### Available data:
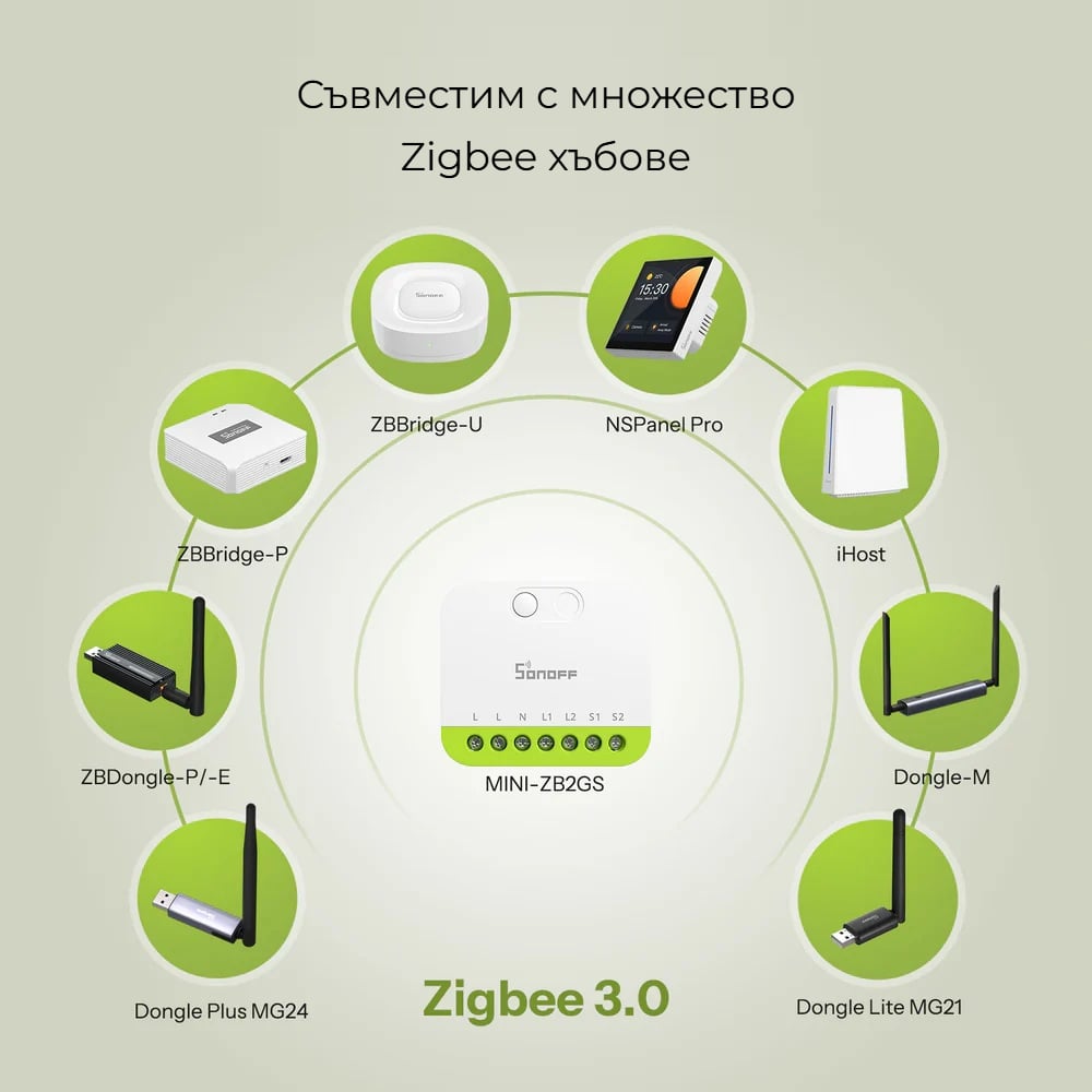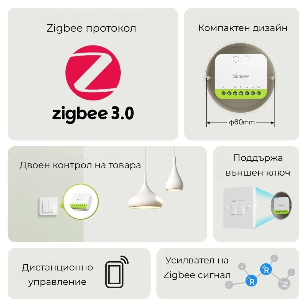 SONOFF MINI DUO ZB2GS е двуканален Zigbee 3.0 смарт реле модул с общ товар до 16A, предназначен за монтаж зад стандартен стенен ключ. Позволява независимо управление на два електрически кръга, поддържа външни ключове и работи като Zigbee рутер за разширяване на обхвата на мрежата.
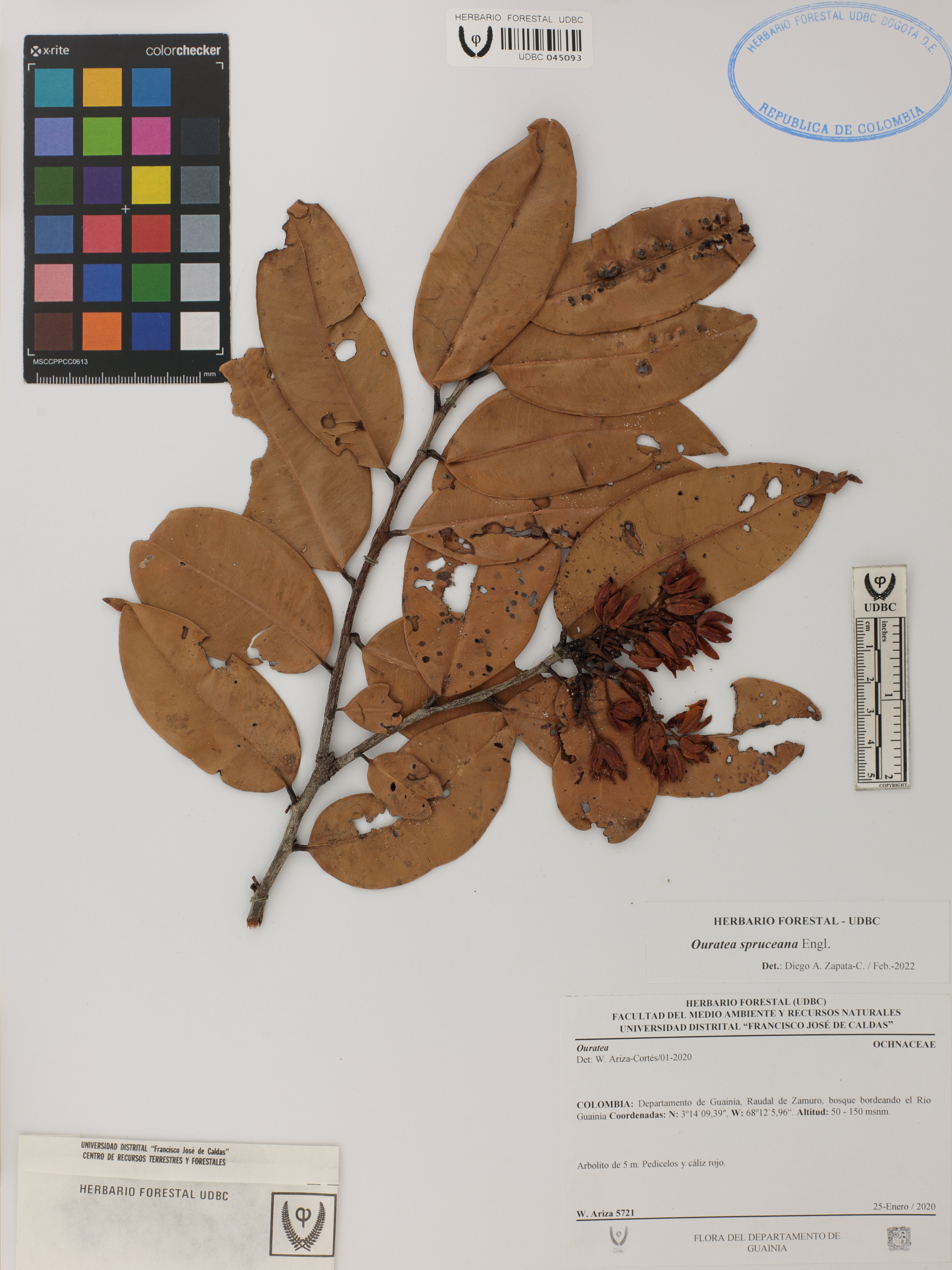 Fotografía del ejemplar Ariza-Cortés, W. 5721, determinado como Ouratea spruceana en el año 2022
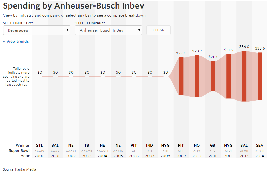 “@WSJ: Anheuser-Busch Inbev spent $33.6 million on#SuperBowl ads in 2014: http://on.wsj.com/1tuPliz pic.twitter.com/1q8v5bJwSE”
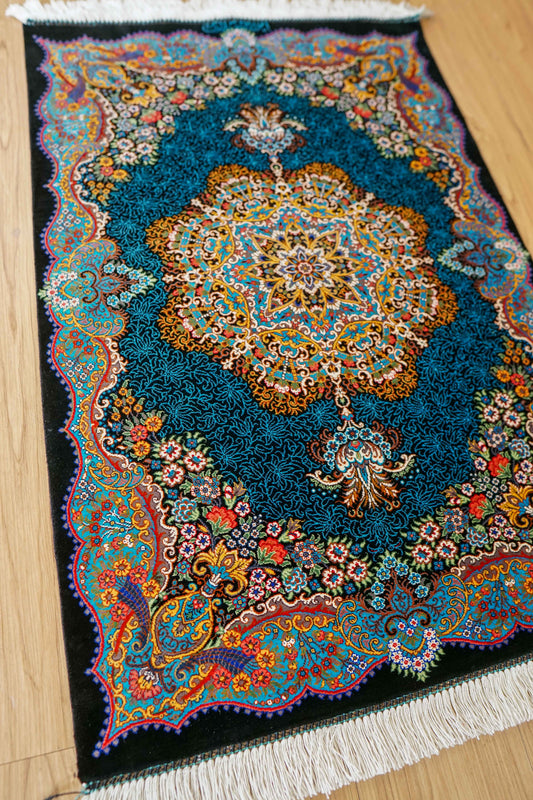 ペルシャ絨毯 クム産 モスサビ房 シルク 89×56cm
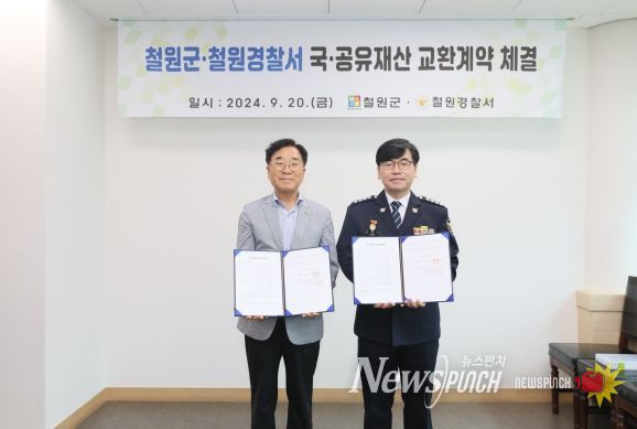 뉴스펀치 김호정 기자 | 철원군과 철원경찰서는 9월 20일 철원군청에서 국·공유재산 교환계약 체결식을 가졌다.
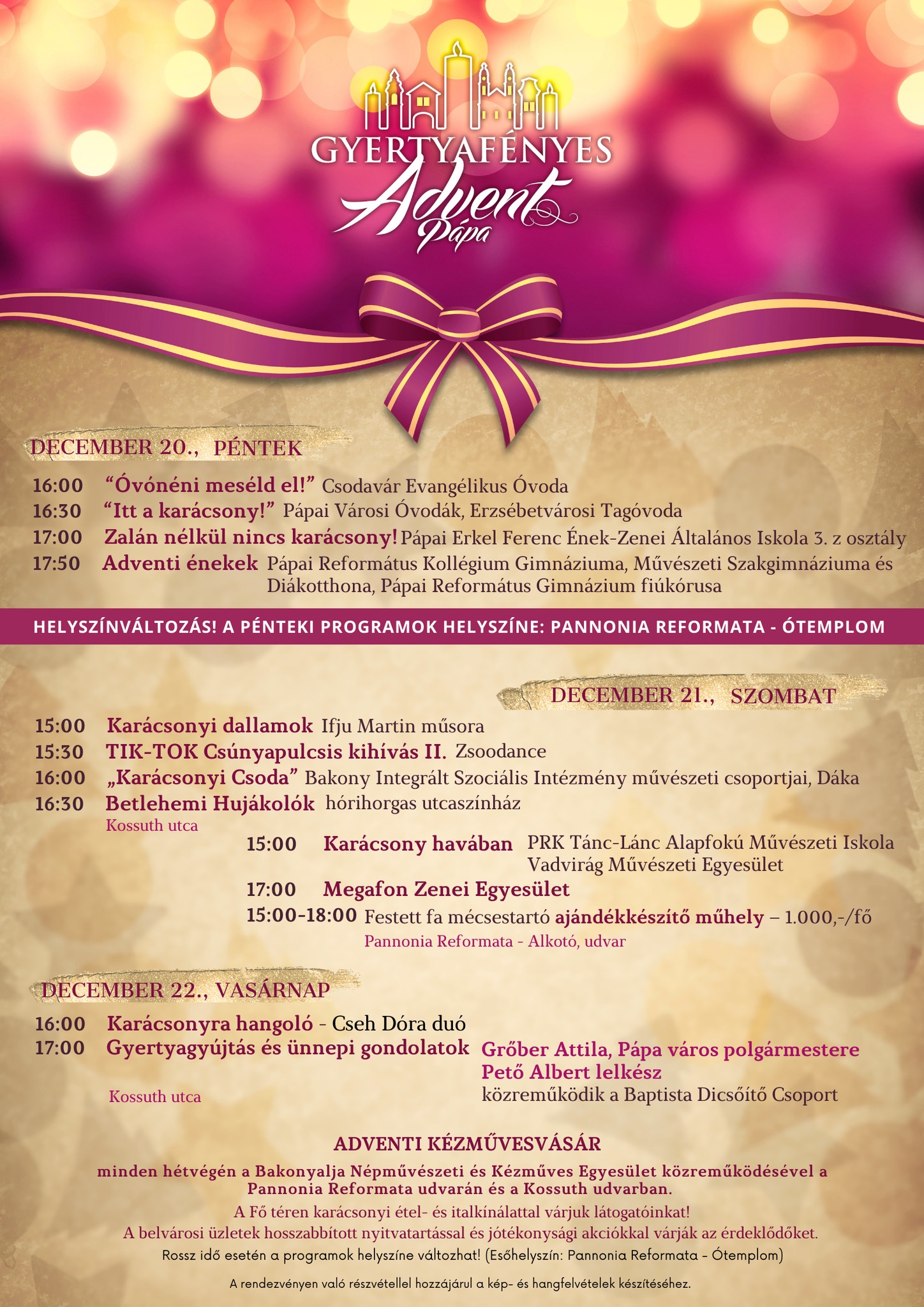 Advent Pápán: Az erős szél miatt az Ótemplomban tartják meg a mai színpadi programokat
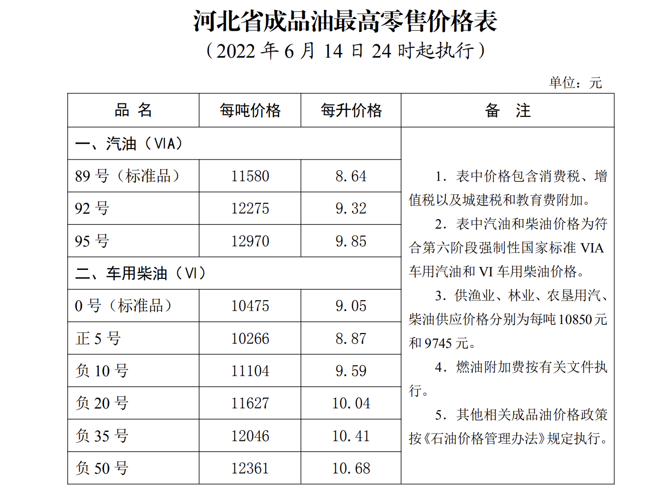 河北省发展和改革委员会关于调整我省成品油价格的公告(2022 年第11 号)根据现行成品油价格形成机制,自2022 年6 月14 日24时起,我省汽、柴油价格(标准品)每吨分别提高390 元、375 元,调整后的汽、柴油最高零售价格见下表。乙醇汽油价格按同标号汽油(VIA)价格执行,普通柴油价格按照同标号车用柴油(VI)价格执行,98 号汽油价格由成品油生产经营企业根据市场情况自主制定具体价格。
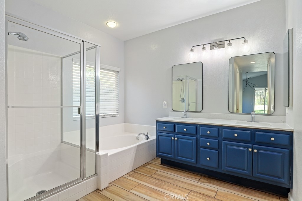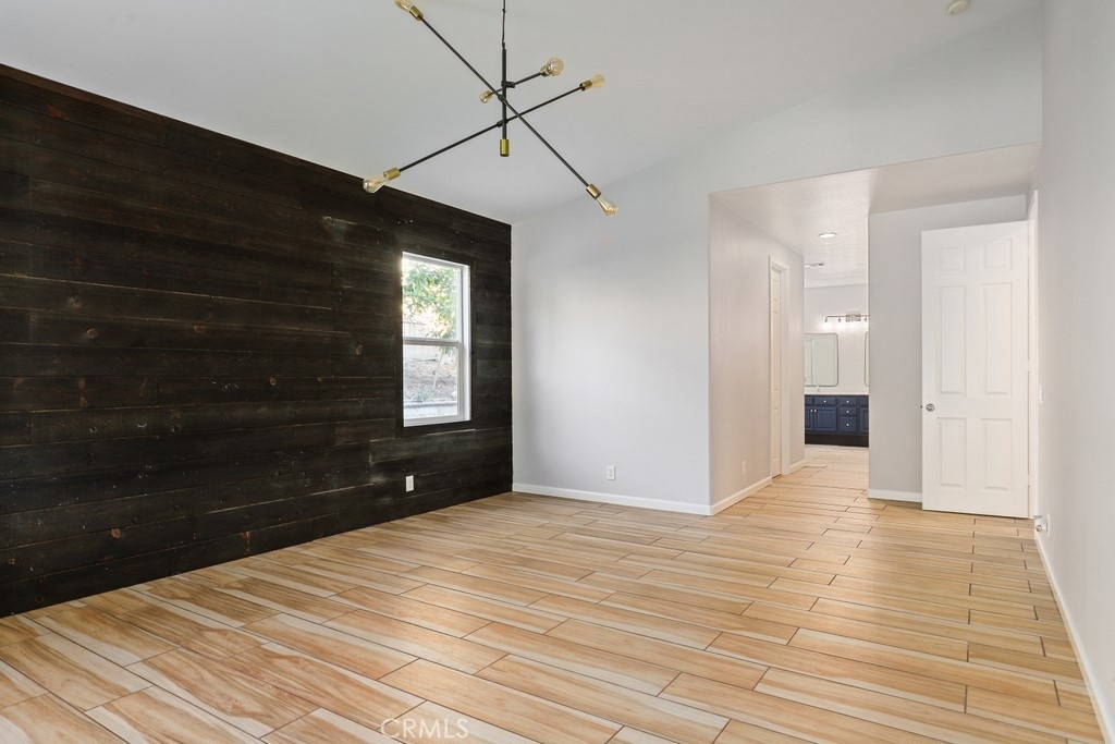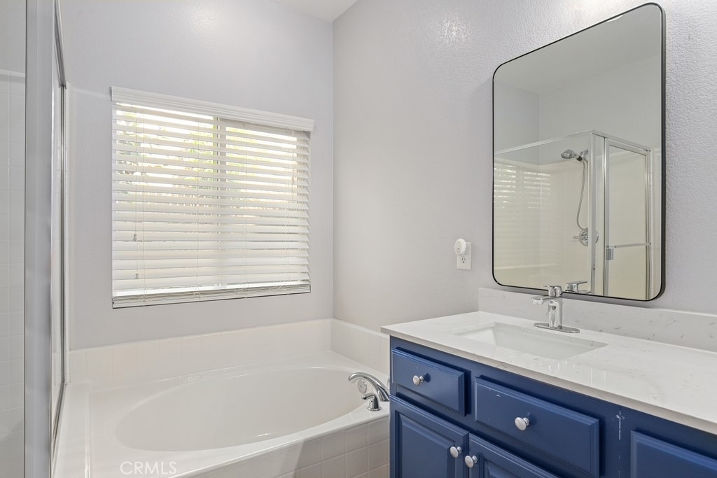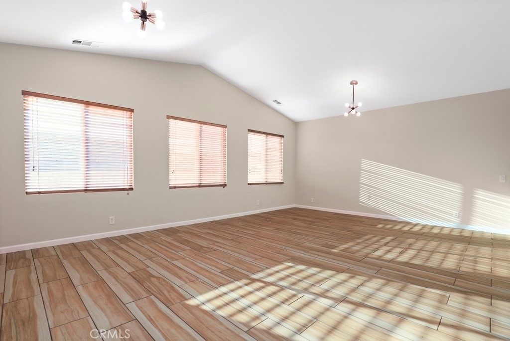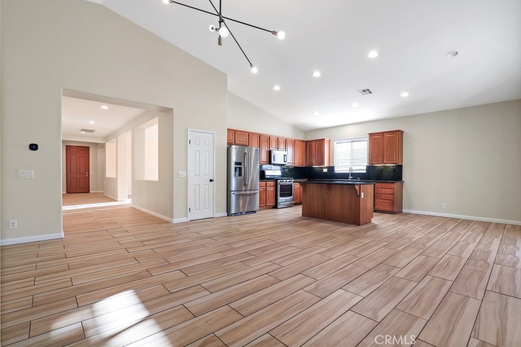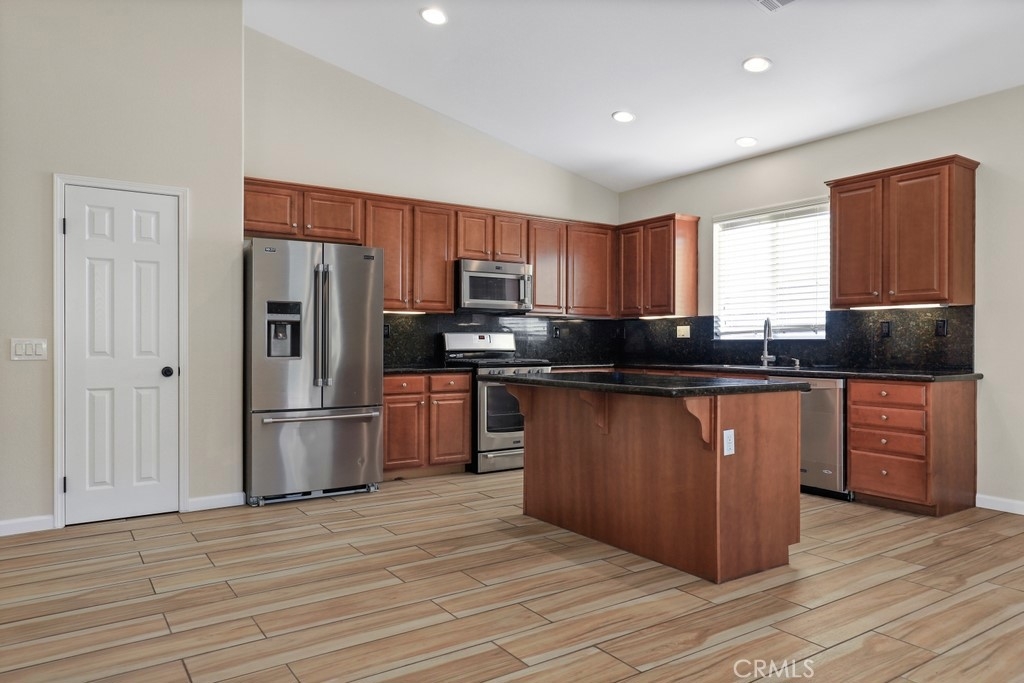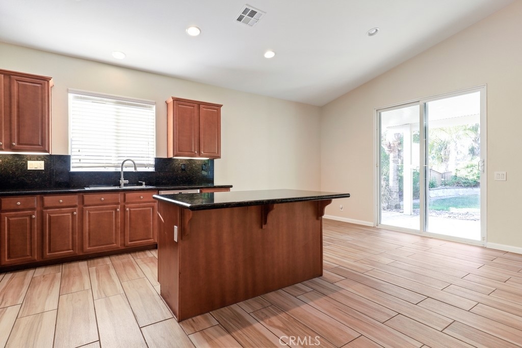 This gorgeous property is nestled within a beautifully landscaped setting. Immaculate mature landscaping greets you as you arrive, setting the tone for this well-maintained and move-in ready home. A convenient 2-car garage provides ample space for vehicles and storage in addition to RV parking. Enjoy the beauty and durability of wood-look tile flooring throughout the home, with plush carpeting in the bedrooms for added comfort. Modern light fixtures illuminate every room, enhancing the home's contemporary style. The formal living and dining areas offer a sophisticated space for entertaining guests. The open kitchen features an island with bar seating, granite countertops, stainless steel appliances, a 5-burner stove, and a spacious pantry. Relax in the family room with its floor-to-ceiling fireplace with a wood mantle, seamlessly connected to the dining area and opening to the outdoor patio through a glass slider. Go outside to the beautiful covered patio, complete with a ceiling fan, overlooking a park-like backyard. Mature trees, shrubs, and lush grass create a serene environment with stunning views of the hills. The spacious bedrooms provide ample room. The oversized primary suite features a wood accent wall, two walk-in closets, and a slider to the back patio. The ensuite bathroom boasts a dual sink vanity, soaking tub, and separate shower. A convenient laundry room is located off the garage entrance, making chores a breeze. Vaulted ceilings and abundant natural light throughout the home create an airy and inviting atmosphere. Close proximity to local parks with hiking trails, top-rated schools, the 15 freeway, and shopping centers. This stunning home combines luxurious living with practical amenities, making it the perfect place to create lasting memories. Don’t miss your chance to own this exceptional property!

### What the exercise asks:
Please return the data above exactly as it stands from the line with "뉴스펀치 김호정 기자" to the line with "河北省发展和改革委员会关于调整我省成品油价格的公告(2022 年第11 号)根据现行成品油价格形成机制,自2022", keeping both of those lines but none of the pictures.

### Task response:
 뉴스펀치 김호정 기자 | 철원군과 철원경찰서는 9월 20일 철원군청에서 국·공유재산 교환계약 체결식을 가졌다.
 Advent Pápán: Az erős szél miatt az Ótemplomban tartják meg a mai színpadi programokat
 河北省发展和改革委员会关于调整我省成品油价格的公告(2022 年第11 号)根据现行成品油价格形成机制,自2022 年6 月14 日24时起,我省汽、柴油价格(标准品)每吨分别提高390 元、375 元,调整后的汽、柴油最高零售价格见下表。乙醇汽油价格按同标号汽油(VIA)价格执行,普通柴油价格按照同标号车用柴油(VI)价格执行,98 号汽油价格由成品油生产经营企业根据市场情况自主制定具体价格。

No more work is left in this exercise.